##### Data to use #####

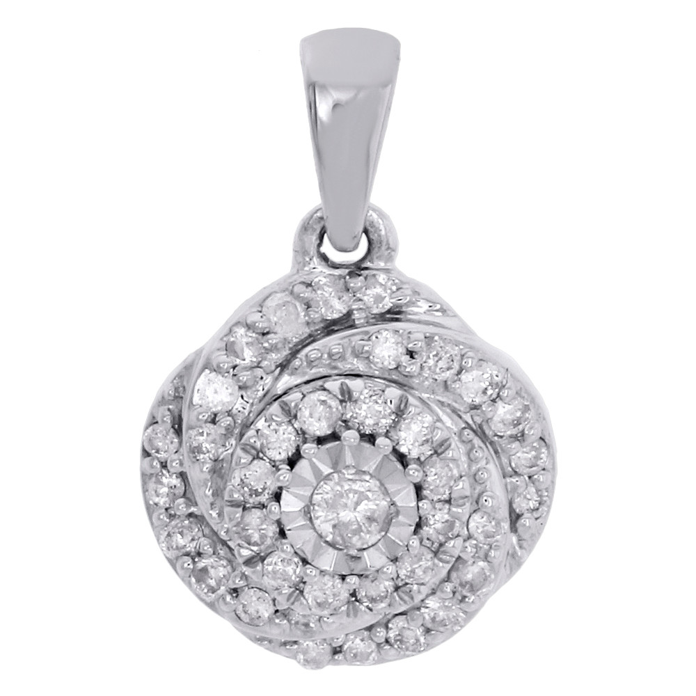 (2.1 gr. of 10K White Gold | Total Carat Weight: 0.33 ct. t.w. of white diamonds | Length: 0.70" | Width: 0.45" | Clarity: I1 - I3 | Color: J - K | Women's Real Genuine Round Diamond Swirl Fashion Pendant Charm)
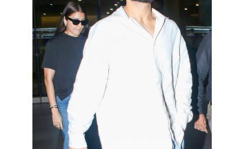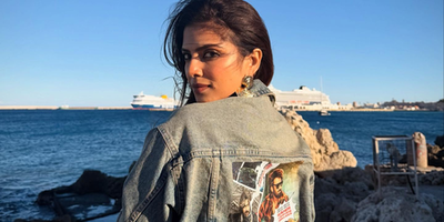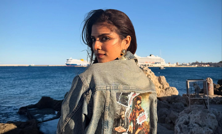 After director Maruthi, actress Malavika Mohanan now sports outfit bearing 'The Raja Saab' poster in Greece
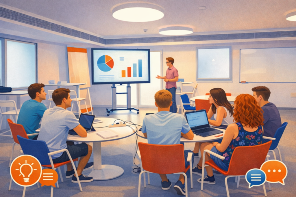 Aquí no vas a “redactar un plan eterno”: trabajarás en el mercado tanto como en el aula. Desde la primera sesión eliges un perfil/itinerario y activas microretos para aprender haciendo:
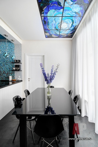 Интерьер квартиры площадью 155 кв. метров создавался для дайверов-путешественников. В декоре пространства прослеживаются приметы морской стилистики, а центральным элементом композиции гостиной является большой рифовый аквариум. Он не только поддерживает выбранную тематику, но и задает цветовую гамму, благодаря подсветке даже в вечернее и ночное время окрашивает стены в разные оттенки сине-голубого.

#####
##### Data to use #####

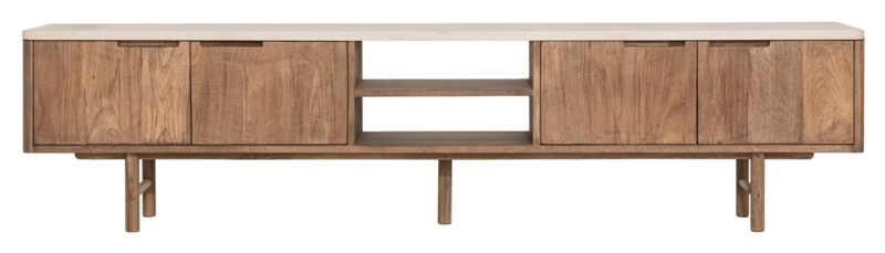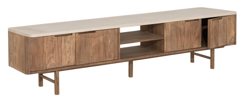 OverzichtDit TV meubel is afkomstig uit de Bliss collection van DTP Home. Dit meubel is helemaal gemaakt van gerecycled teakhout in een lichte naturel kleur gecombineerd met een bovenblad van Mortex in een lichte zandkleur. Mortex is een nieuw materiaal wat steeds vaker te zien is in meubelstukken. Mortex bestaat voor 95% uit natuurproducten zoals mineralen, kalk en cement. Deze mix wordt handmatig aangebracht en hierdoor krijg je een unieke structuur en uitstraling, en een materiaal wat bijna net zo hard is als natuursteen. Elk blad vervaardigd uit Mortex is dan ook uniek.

#####

Problem statement:
Beginning with the line above that has "After director Maruthi, actress" and going on through the line that has "Aquí no vas", retype every line exactly and add nothing else; drop the pictures.

Response:
 After director Maruthi, actress Malavika Mohanan now sports outfit bearing 'The Raja Saab' poster in Greece
 Aquí no vas a “redactar un plan eterno”: trabajarás en el mercado tanto como en el aula. Desde la primera sesión eliges un perfil/itinerario y activas microretos para aprender haciendo:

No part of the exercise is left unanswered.